_YOUR OBJECTIVE_. Among the records below, find the line with "There are a" and the line with "竹语声中老年女装春装新款女士长袖衬衫大码女装2024春装妈妈装". Set down both and every line between, exactly and with no pictures, but nothing else.

_RECORDS FOR THE EXERCISE_.

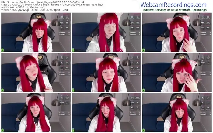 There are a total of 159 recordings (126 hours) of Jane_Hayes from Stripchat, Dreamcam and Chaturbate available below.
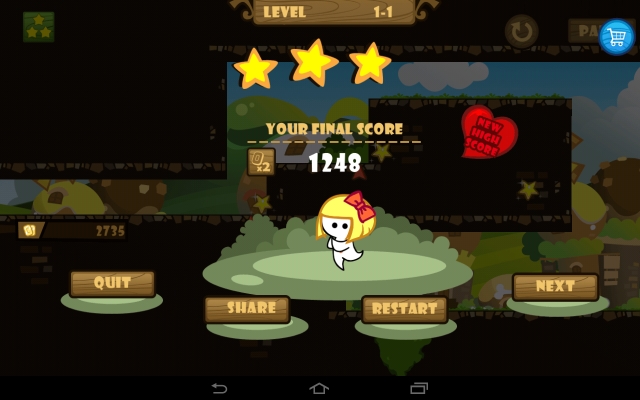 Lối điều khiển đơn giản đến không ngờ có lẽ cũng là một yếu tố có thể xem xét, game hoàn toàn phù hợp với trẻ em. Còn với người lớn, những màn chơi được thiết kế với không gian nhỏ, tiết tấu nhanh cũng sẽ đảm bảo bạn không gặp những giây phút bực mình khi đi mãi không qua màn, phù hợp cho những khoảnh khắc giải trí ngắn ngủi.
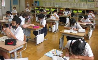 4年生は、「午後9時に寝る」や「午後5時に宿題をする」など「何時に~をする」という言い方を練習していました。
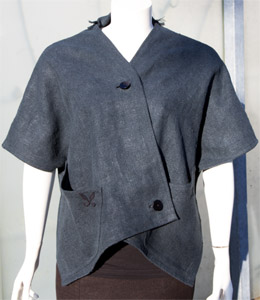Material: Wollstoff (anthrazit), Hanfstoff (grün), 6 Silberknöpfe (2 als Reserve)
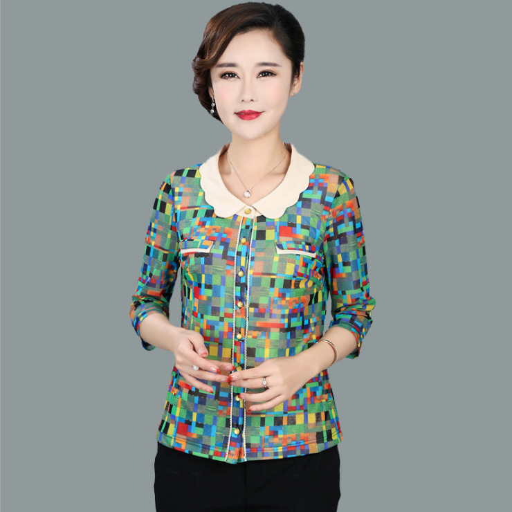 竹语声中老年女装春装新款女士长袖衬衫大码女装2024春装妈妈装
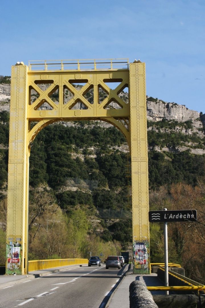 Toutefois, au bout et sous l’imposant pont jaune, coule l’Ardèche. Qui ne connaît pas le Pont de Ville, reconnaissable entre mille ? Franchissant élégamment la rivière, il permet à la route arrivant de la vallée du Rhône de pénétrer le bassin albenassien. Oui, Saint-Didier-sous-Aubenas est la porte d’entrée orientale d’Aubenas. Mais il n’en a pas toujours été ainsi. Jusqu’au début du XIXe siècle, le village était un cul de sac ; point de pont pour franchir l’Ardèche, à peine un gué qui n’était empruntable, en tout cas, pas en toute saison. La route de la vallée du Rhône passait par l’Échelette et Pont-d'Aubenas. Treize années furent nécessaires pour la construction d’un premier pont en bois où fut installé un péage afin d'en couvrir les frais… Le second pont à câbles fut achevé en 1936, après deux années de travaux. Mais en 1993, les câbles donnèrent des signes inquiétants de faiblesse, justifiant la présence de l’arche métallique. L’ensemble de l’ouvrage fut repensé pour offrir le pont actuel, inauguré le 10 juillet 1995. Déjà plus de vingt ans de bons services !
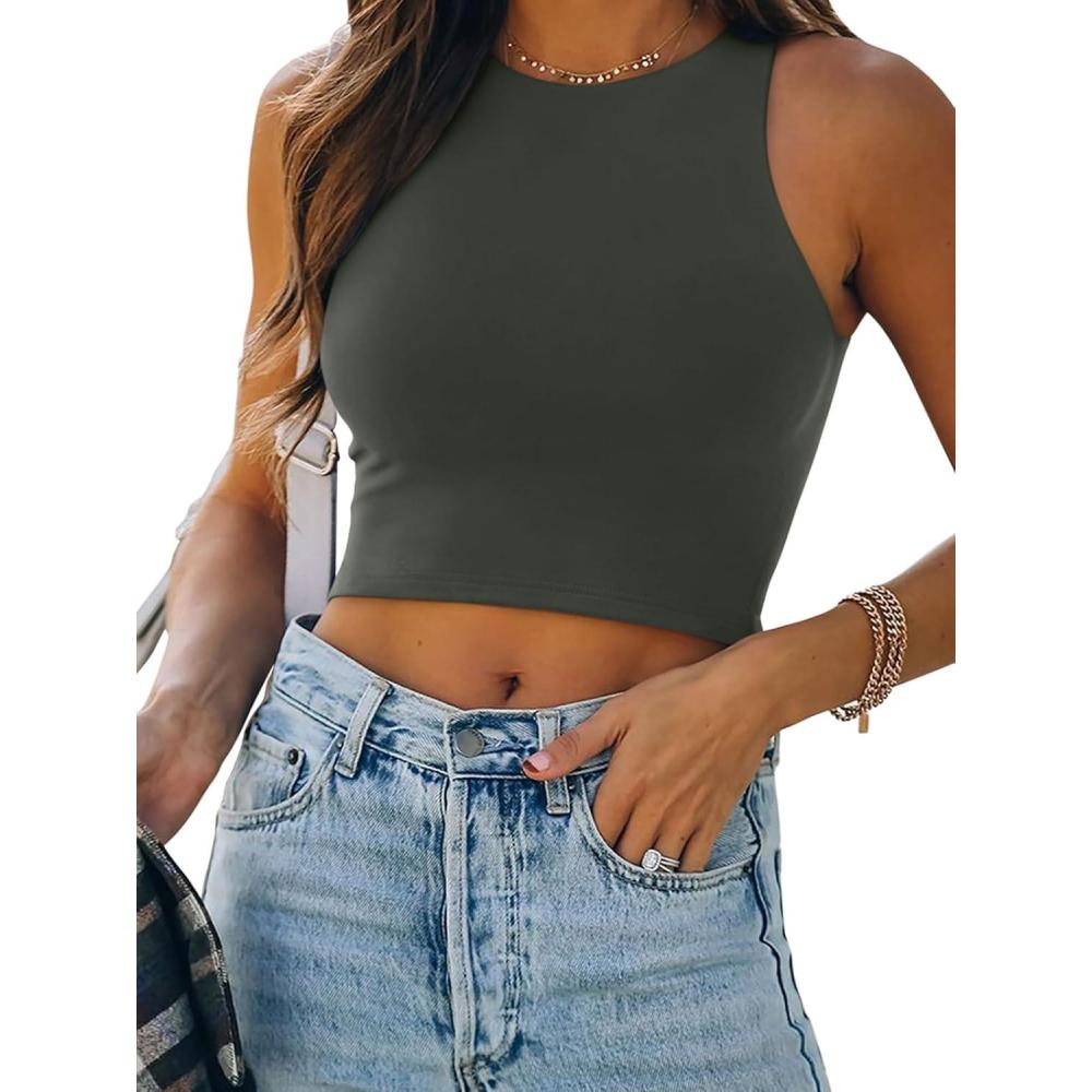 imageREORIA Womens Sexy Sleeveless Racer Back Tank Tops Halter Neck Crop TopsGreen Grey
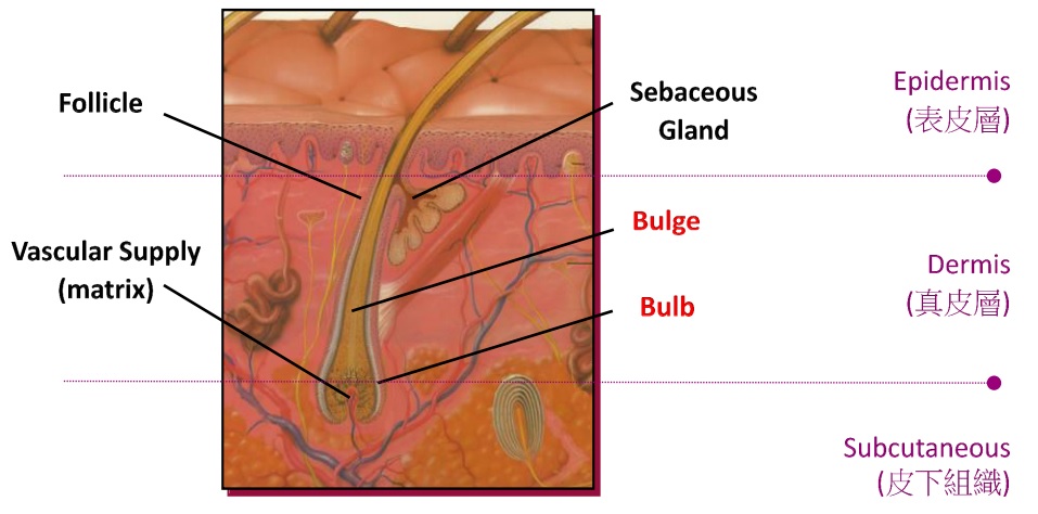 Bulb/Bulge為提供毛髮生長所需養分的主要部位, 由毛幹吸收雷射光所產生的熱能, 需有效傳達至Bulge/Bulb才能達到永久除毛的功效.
--
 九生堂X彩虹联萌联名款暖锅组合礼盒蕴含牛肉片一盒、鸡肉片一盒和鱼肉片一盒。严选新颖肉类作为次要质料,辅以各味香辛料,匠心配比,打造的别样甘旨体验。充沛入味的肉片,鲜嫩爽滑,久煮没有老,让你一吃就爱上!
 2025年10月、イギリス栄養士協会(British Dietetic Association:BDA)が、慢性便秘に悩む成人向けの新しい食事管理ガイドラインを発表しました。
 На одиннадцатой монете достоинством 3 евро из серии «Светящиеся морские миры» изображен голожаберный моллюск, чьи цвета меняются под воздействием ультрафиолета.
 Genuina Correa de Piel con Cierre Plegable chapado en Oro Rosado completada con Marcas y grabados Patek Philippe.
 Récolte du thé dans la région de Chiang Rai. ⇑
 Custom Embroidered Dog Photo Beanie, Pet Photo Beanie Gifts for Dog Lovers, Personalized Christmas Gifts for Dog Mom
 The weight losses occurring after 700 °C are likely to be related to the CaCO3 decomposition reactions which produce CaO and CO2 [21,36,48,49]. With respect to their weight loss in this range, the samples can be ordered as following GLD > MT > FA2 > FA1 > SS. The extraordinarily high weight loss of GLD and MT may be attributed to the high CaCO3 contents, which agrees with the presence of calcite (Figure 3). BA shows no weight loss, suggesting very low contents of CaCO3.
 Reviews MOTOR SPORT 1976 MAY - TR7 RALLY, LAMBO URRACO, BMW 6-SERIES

_FINAL ANSWER_.
 There are a total of 159 recordings (126 hours) of Jane_Hayes from Stripchat, Dreamcam and Chaturbate available below.
 Lối điều khiển đơn giản đến không ngờ có lẽ cũng là một yếu tố có thể xem xét, game hoàn toàn phù hợp với trẻ em. Còn với người lớn, những màn chơi được thiết kế với không gian nhỏ, tiết tấu nhanh cũng sẽ đảm bảo bạn không gặp những giây phút bực mình khi đi mãi không qua màn, phù hợp cho những khoảnh khắc giải trí ngắn ngủi.
 4年生は、「午後9時に寝る」や「午後5時に宿題をする」など「何時に~をする」という言い方を練習していました。
Material: Wollstoff (anthrazit), Hanfstoff (grün), 6 Silberknöpfe (2 als Reserve)
 竹语声中老年女装春装新款女士长袖衬衫大码女装2024春装妈妈装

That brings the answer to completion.